From Fitzroy's Private Diary (Extract 30)
There is a saying among the more entrepreneurial of London’s stall holders that one cannot ‘con’ an honest man. The idea, I believe, is that only the greedy and the corrupt are easily parted from their money. I have never heard such utter poppycock in life.
I spend my professional life deceiving enemies of the crown. I have multiple names, and a wide range of personalities I can convincingly assume. I once tested this out by calling on my father, appearing as an overeager oenophile, determined to buy part of his cellar, and he entirely failed to see through my disguise. Manipulation is second nature to me. I consider myself to be at the height of my proficiencies, but such achievements are frequently undermined by the blatant stupidity of people.
Last night I attended a dinner party and was regaled by a lady of middling years, sitting to my left, on the wonders of Madame Viviani, who has recently infested London with her black-veiled presence. Viviani is a con artist of the first order. She relieves the gullible of their money in return for reuniting them with dead relatives via her spiritual guide, a small, squeaky-voiced child, called Mary, who sounds remarkably like Madame Viviani speaking through her nose. Fear and loss are the linchpins of the vilest predators.
Although it was proving detrimental to my appetite, I asked my dinner companion what words of wisdom her deceased one had had for her (she was going to tell me anyway, and it seemed better to move the story along apace and get it over with). She told me, having removed a handkerchief from somewhere about her person with which to dab her eyes, that her dead husband had told her to stop grieving and get on with her life. I muttered something about how generous that was of him, and received a lecture on how, in life, he had been a stickler for protocol, such as observing a full year’s mourning, but that death had enlightened him. Moreover, it seemed that every time she visited the medium, she learned more and more about her dear departed Edward, and how she was quite on her way to being more in love with him in death than she had ever been in life.
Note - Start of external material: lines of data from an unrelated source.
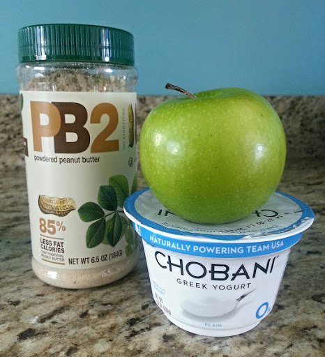 I love slicing an apple and add one table spoon of PB2 to a ziplock bag. Add your Apple slices, shake, let the natural apple juices wet the PB2, then enjoy!
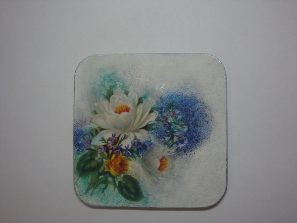 Посоветуйте! (обсуждаем черновые работы)Зачистила шкуркой, покрыла 2 раза акриловой белой краской, нанесла основной фон белый , наклеила мотив, покрыла лаком и нанесла тени,окантовку сделала серебристой краской, планирую пройтись полусухой кистью серебристой краской.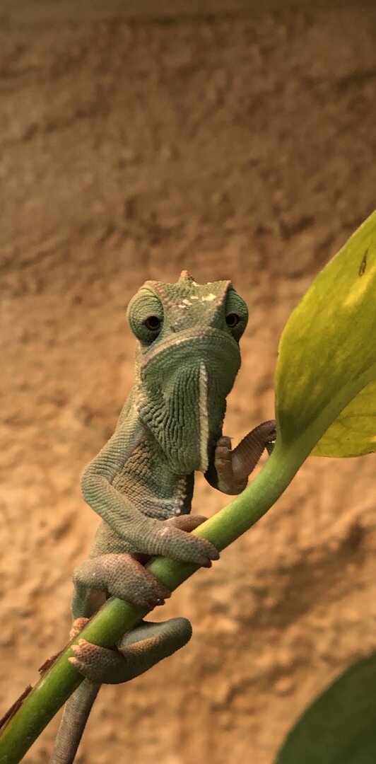 Hello all It’s been a while and for that I’m sorry, life has a cruel way of throwing spanner’s in the works and after finishing building my terrarium in July it is only now it’s been possible to get my little baby, wasn’t a bad thing as the plants have really come on under the jungle dawn, so picked him up yesterday and settled him in to his new home, seemed to be relaxed and on getting home he walked onto my finger without hesitation and the onto basking branch , opened the flow on the big dripper as I wanted to make sure he saw it which he did and made his way over and climbed up the pipe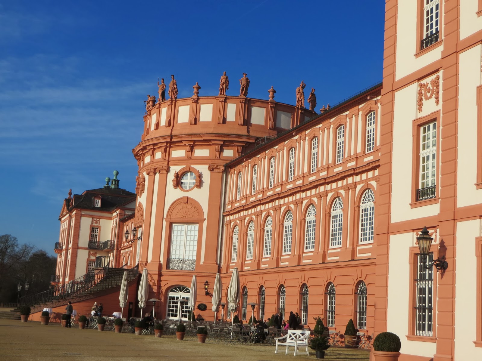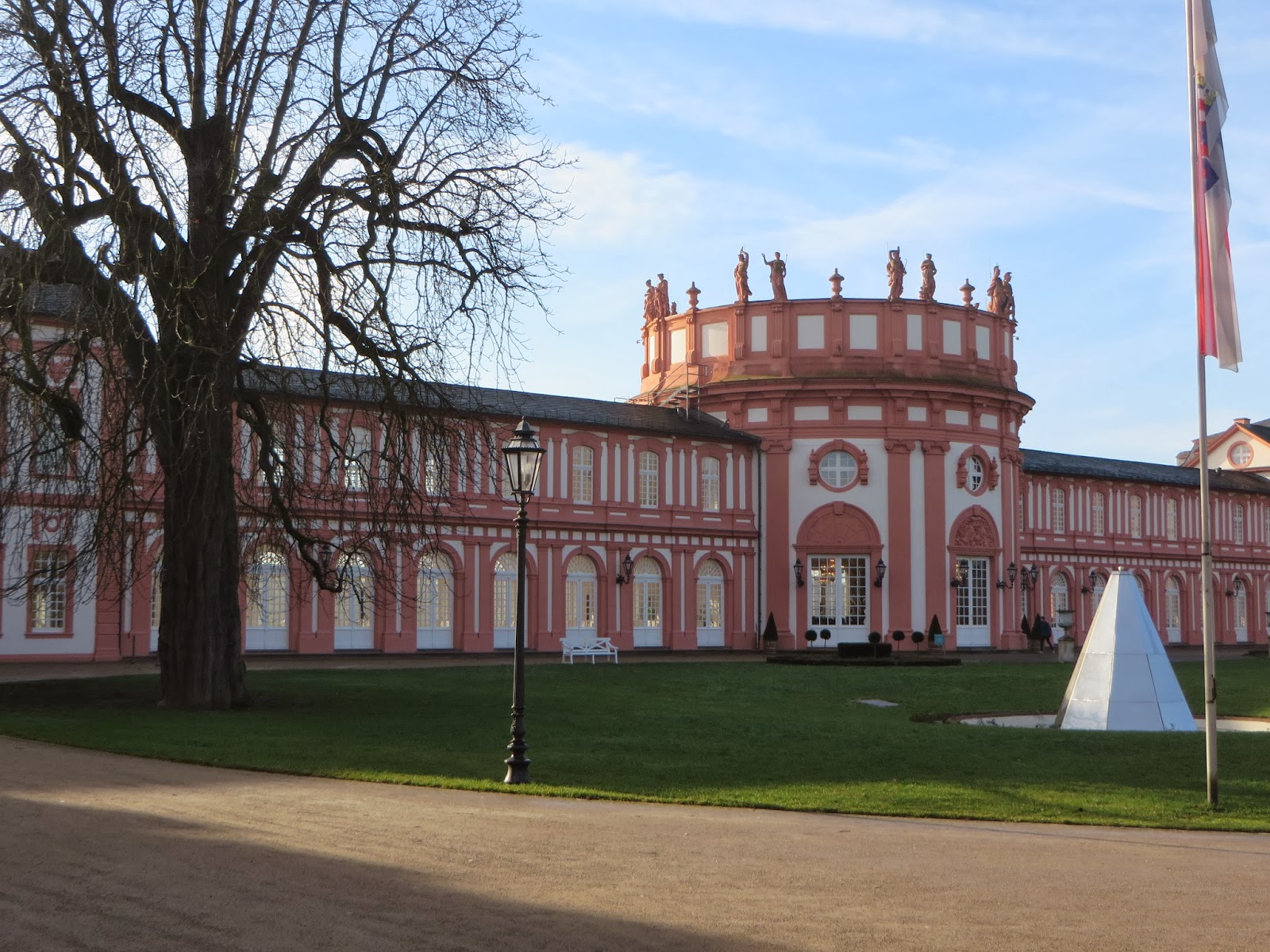 We are so fortunate to have our own neighborhood palace within a 30 minute walk from our home in Wiesbaden. This is the Biebrich Schloss or Palace and its construction began in 1688, when Count Georg August Samuel of Nassau-Idstein, apparently wanted a bit grander chateau overlooking the Rhine than his other palace in Idstein. It was completed in 1702 and Prince Karl von Nassau-Usingen took over in 1734 ,and expanded it. Unfortunately, it was heavily damaged by bombing in WW II, but since has been restored and now belongs to the state government of Hesse. In any case, it’s a wonderful place to enjoy a cappuccino on a crisp winter Sunday morning. The view overlooking the river traffic on the Rhine is beautiful.
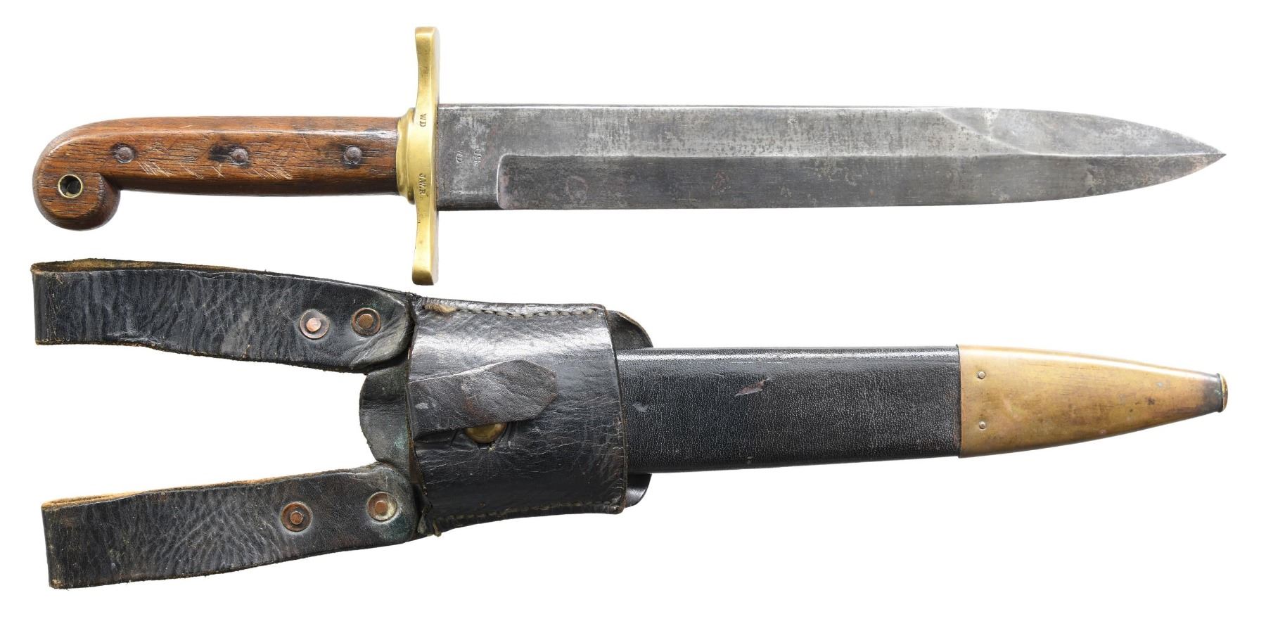 SHEATH. 17.75" overall, 12" blade stamped on ricasso "AMES MFG CO / CABOTSVILLE 1849" and inspection marks on opposite ricasso and on brass crossguard. It takes a little scrutiny to tell this knife is not original. According to accompanying note this was commissioned by author Stephen Dorsey. Like the knife, the brass mounted sheath and frog are excellent facsimiles also. UNATTACHED ACCESSORIES: note stating purported provenance. CONDITION: very good define overall. (02-23126/JS). NON-GUN. $500-700.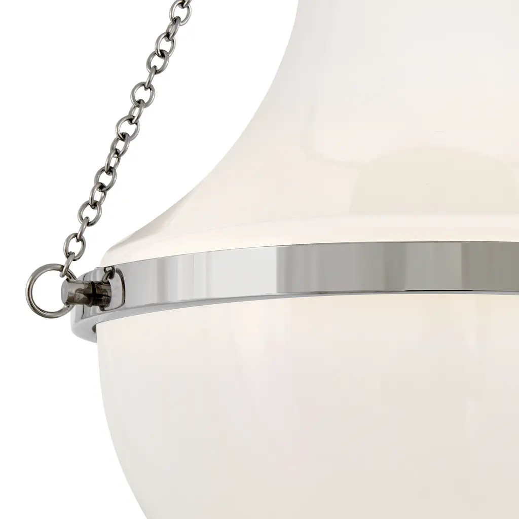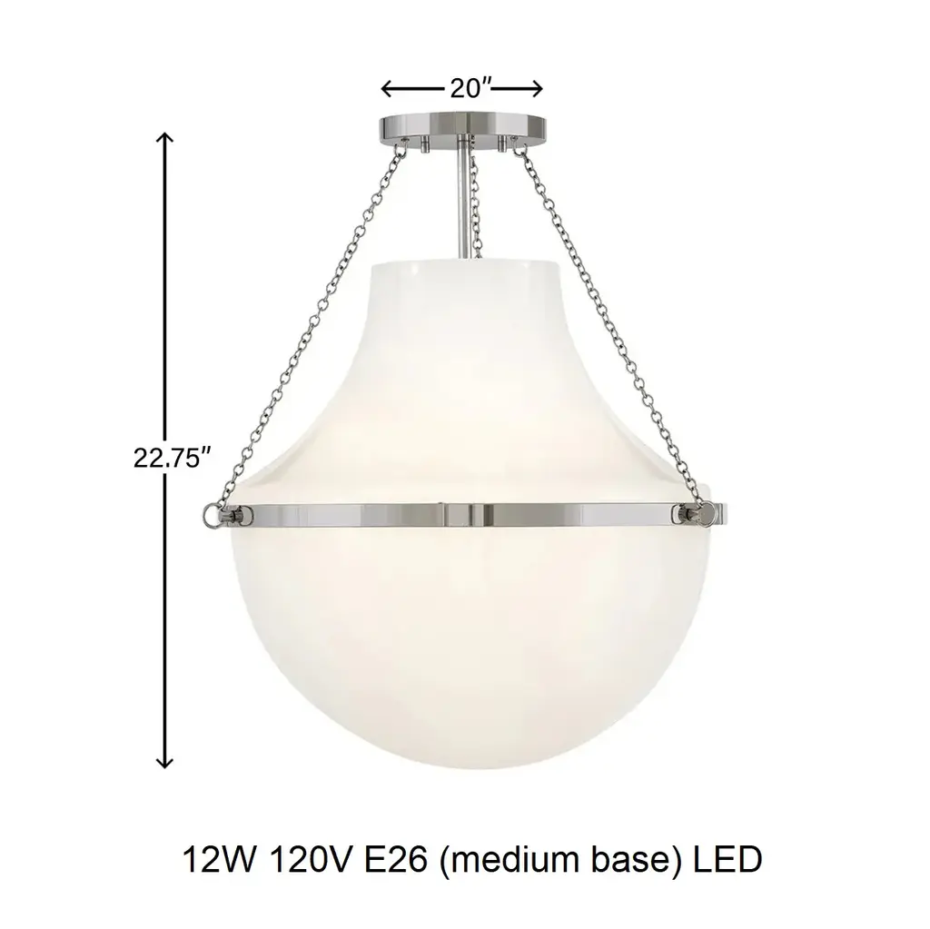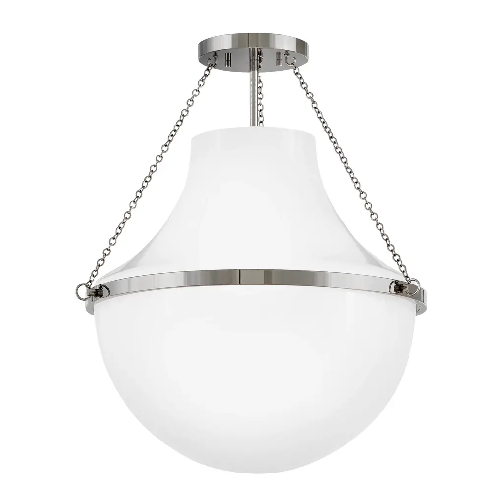 A beautiful fusion of modern form and classic detail, the Collins Semi Flush Mount from Hinkley offers a sophisticated, transitional look. This elegant fixture is defined by its sculpted, teardrop-shaped shade, crafted from hand-blown, cased opal glass for a soft and uniform glow. The shade is accented with a central metal band and suspended by delicate chain uprights, adding a touch of jewelry-like character. A perfect blend of sculpted glass and refined hardware, it brings balanced, timeless style to any space. Highlights:

It was only my steely constitution that prevented me from losing either my supper or my temper. Such wilful and determined inanity on her part. I wondered how long it would be before Viviani suggested that her husband wanted her to bestow greater gifts upon the medium for her invaluable services. Doubtless this would occur after a few more cloying and sentimental visits during which the so-called medium, in urging her client to move on, bound her ever more tightly to her visitations. I could almost admire the cunning of it, if her ‘mark’ had not been so complicit in her own downfall. I felt no inclination to explain the deception to her. She had ruined my supper and deserved far worse.
Then, after dinner, while smoking cigars and drinking port, a member of Parliament who, rather unusually, is known for his wit and intelligence, began to praise hydro-electric therapy, which he said had quite made a new man of him. I listened to the descriptions of what he had endured and could only conclude it had been sheer luck that it had not made a corpse of him.
Not wanting to draw attention to myself, I kept my incredulousness behind my teeth. Then, the topic of the supernatural was taken up by a portly gentleman of an ever so dull disposition. Listening to him speak, ranging from gypsy curses bought by his mother to the planned exorcism of his cricket pavilion, I began to seriously consider that his soup had been laced with some kind of mind-addling drug. Another gentleman, with a caveat that none of these stores should ever leave the table, spoke of his encounter with a ghost. I waited in vain for a punchline that demonstrated this was no more than a long-winded joke, but it never came. Instead the gentlemen moved on to odder and odder experiences he had encountered, all of which I felt could simply be put down to intoxication. My night now being quite spoilt, I left early, excusing myself on grounds of a headache, which had become all too real.
The world presents enough real challenges without these foolish people concerning themselves with fictitious preternatural incidents. The service does occasionally, I admit, use a medium for the passing on of information, but she is not as predatory as the rest of her kind. She may even believe the nonsense she peddles.
If ghosts existed, as I have told my assets more than once, I would be haunted a dozen times over. There is no revenge from beyond the grave. No last messages from a loved one. Heaven has no revolving door for spirits to visit between this world and the next. When you are gone, you are gone. Life is a one-time opportunity, and people would be far better off taking full advantage of what this world has to offer than bothering themselves about what the dead might be doing in the next.